### Exercise goal:
For this exercise, retype each line of the material below verbatim and omit any picture.

### Record extracts:
+-------+

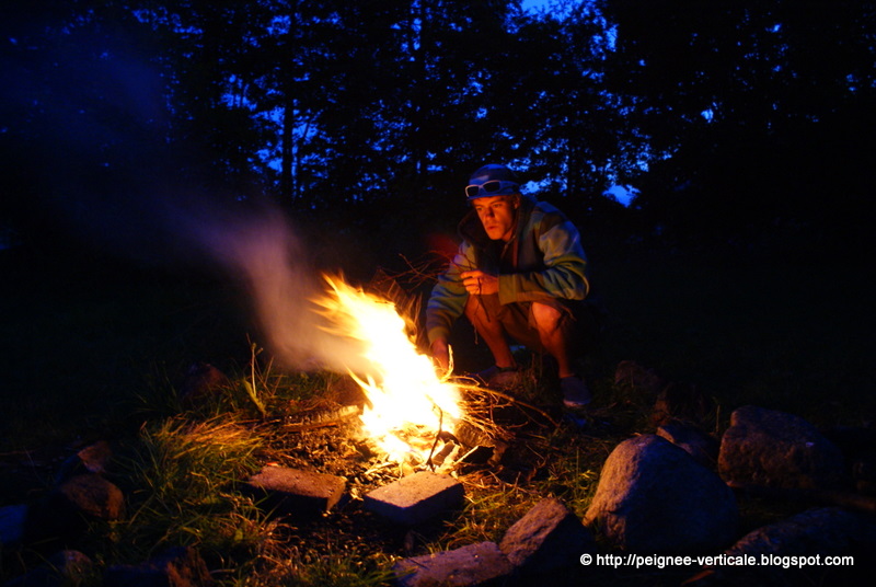 L’endroit est parfait. Nico réussit à faire partir un feu (non sans mal, avec un taux d’humidité proche de 99,9%…) et c’est sous un ciel parfaitement étoilé que l’on rejoint la tente après cette première journée d’émerveillement.
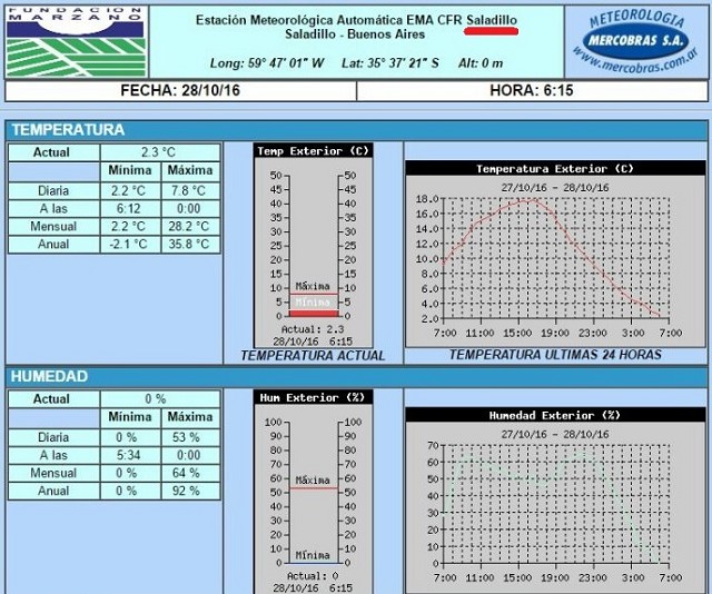 En Saladillo, el termómetro a las 06:15 hs marcaba 2,3 ºC
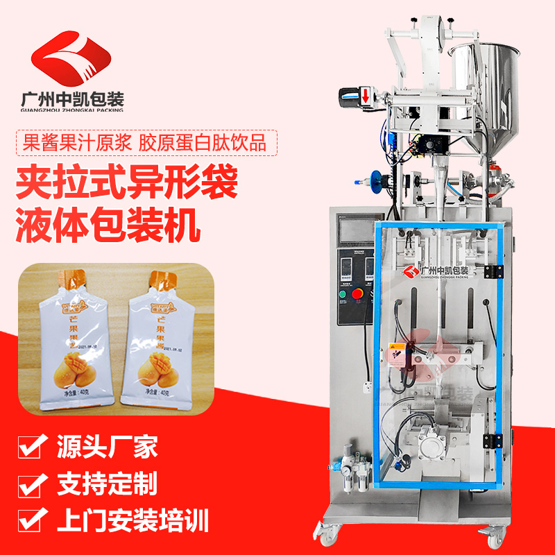 中凱包裝側(cè)封異形袋液體包裝機適用于食品、化工、護膚品、農(nóng)業(yè)產(chǎn)品中的液體、膏體、醬料等物料,如:能量膠、酵素飲、口服液、沙棘原漿、刺梨汁、營養(yǎng)飲品、枸杞原漿...
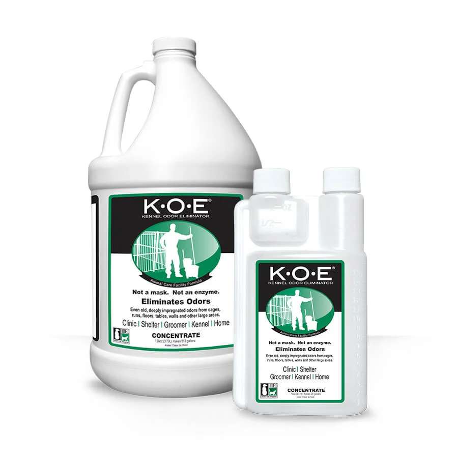 Feces, urine and emesis are just a few of the common odors present in the Animal Zone of the clinic. This includes the kennel and grooming areas and the dog & cat wards. Use K.O.E.® and K.O.E.® Fresh Scent to eliminate odors on walls and floors and in cages and other large areas of the clinic. Keeping these areas clean and odor-free will ensure that all of your patients are sent home in optimal condition and that the unpleasant odors in the clinic are not going home with them. K.O.E.® and K.O.E.® Fresh Scent eliminate odors, they do not mask them. They are not enzymes so they can be mixed with other cleaning solutions without a decrease in efficacy.
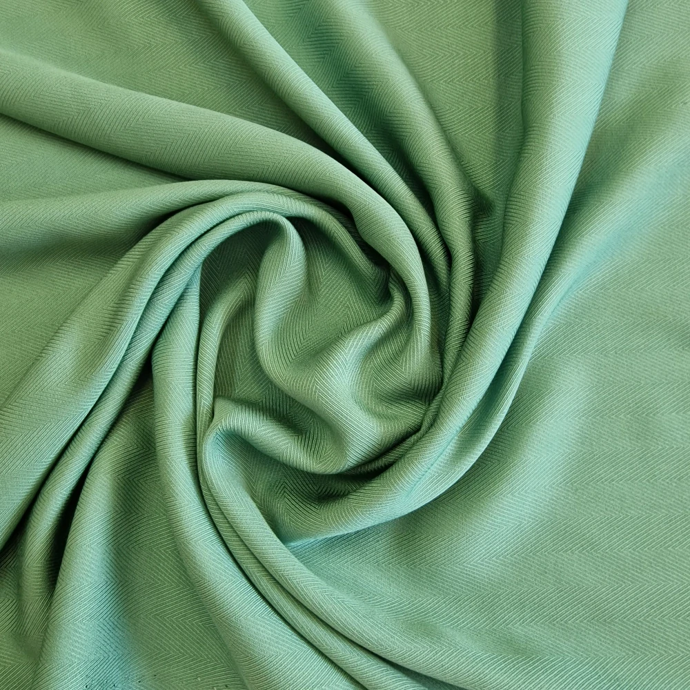 Šatovka, 100% viskóza s vytkaným vzorem rybí kost, neprůsvitná, měkká, velmi splývavá, chladivá a příjemná. Šíře 150 cm.

+-------+

### Solution to the exercise:
 L’endroit est parfait. Nico réussit à faire partir un feu (non sans mal, avec un taux d’humidité proche de 99,9%…) et c’est sous un ciel parfaitement étoilé que l’on rejoint la tente après cette première journée d’émerveillement.
 En Saladillo, el termómetro a las 06:15 hs marcaba 2,3 ºC
 中凱包裝側(cè)封異形袋液體包裝機適用于食品、化工、護膚品、農(nóng)業(yè)產(chǎn)品中的液體、膏體、醬料等物料,如:能量膠、酵素飲、口服液、沙棘原漿、刺梨汁、營養(yǎng)飲品、枸杞原漿...
 Feces, urine and emesis are just a few of the common odors present in the Animal Zone of the clinic. This includes the kennel and grooming areas and the dog & cat wards. Use K.O.E.® and K.O.E.® Fresh Scent to eliminate odors on walls and floors and in cages and other large areas of the clinic. Keeping these areas clean and odor-free will ensure that all of your patients are sent home in optimal condition and that the unpleasant odors in the clinic are not going home with them. K.O.E.® and K.O.E.® Fresh Scent eliminate odors, they do not mask them. They are not enzymes so they can be mixed with other cleaning solutions without a decrease in efficacy.
 Šatovka, 100% viskóza s vytkaným vzorem rybí kost, neprůsvitná, měkká, velmi splývavá, chladivá a příjemná. Šíře 150 cm.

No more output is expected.